Two features are observed: at 2080 cm^-1, and at 2095 cm^-1. From measurements on the single crystal Cu(100) surface, the lower frequency peak is associated with terminally bonded CO and the higher frequency peak with CO bonded to step or defect sites.  Also consistent with the literature is that although the step or defect atoms constitute < 10% of the surface, they account for as much as ~ 50% of the spectral weight.

The unexpected result found in Fig. 3 is that the relative terrace and step site intensities change as a function of Cu film thickness. The results of a Lorentzian fit of the spectra as a function of film thickness is shown in Figure 4. For the specific thickness of 4ML Cu, the step-site intensity reaches its maximum and then diminishes with further increase in thickness. This is also the thickness where the first MQW state crosses the Fermi level.  STM measurements showing similar step and defect densities for all film thicknesses studies rules out the possibility that this variation is due to surface thickness-dependant changes in morphology.
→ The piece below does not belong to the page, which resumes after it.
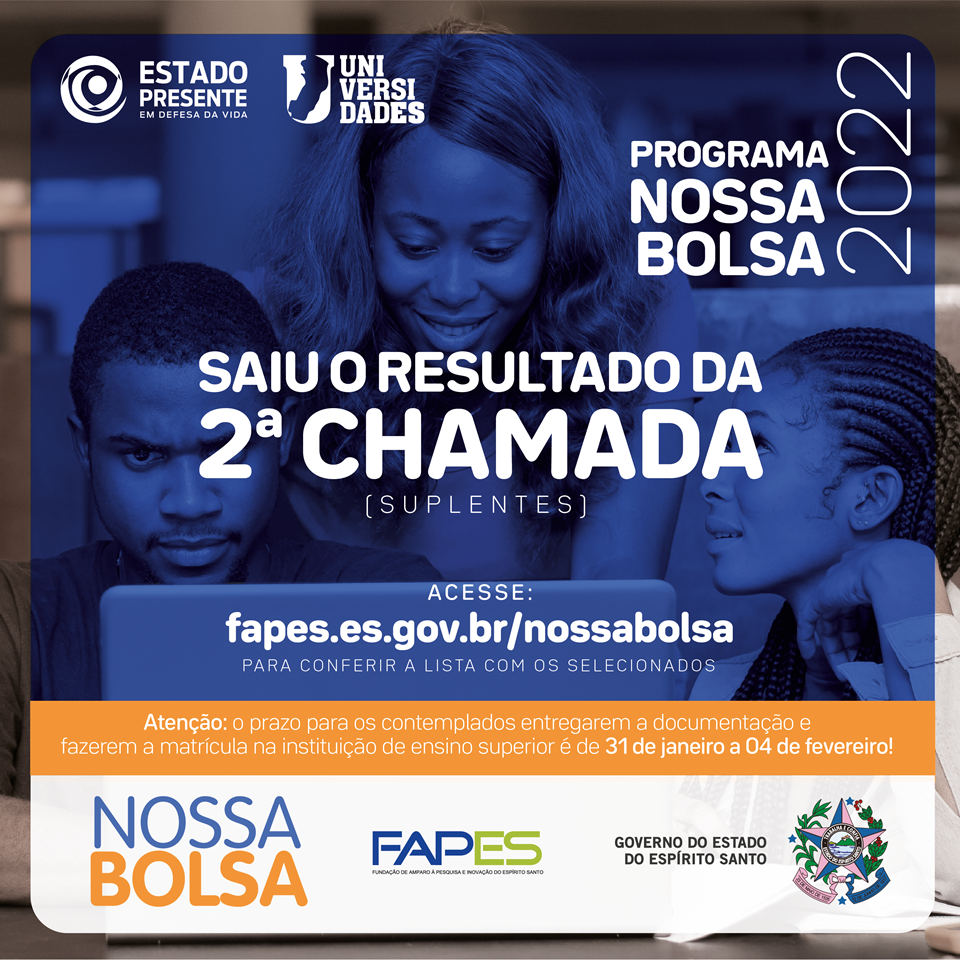 Os inscritos no processo seletivo do Nossa Bolsa 2022 já podem conferir a lista com o resultado da 2ª chamada do edital. A Fundação de Amparo à Pesquisa e Inovação do Espírito Santo (Fapes) divulgou, nesta sexta-feira (28), o resultado dos suplentes para as bolsas integrais destinadas à graduação. Ao todo, o edital, que é uma parceria da Fapes com a Secretaria da Educação (Sedu), ofertou 1.309 bolsas para a população.

From the analysis given above it is very suggestive that by modulating electronic structure, QSEs play an important role both in oscillating changes of TPD peak T_d (as found in our earlier work) and in bonding site absorbance intensities of FTIR spectra. The specifics of how QSEs modify step and terrace absorbance intensities remain unclear and a more systematic study of the CO/Cu/fcc-Fe/Cu(100) system is required.  This will be a future direction of the research.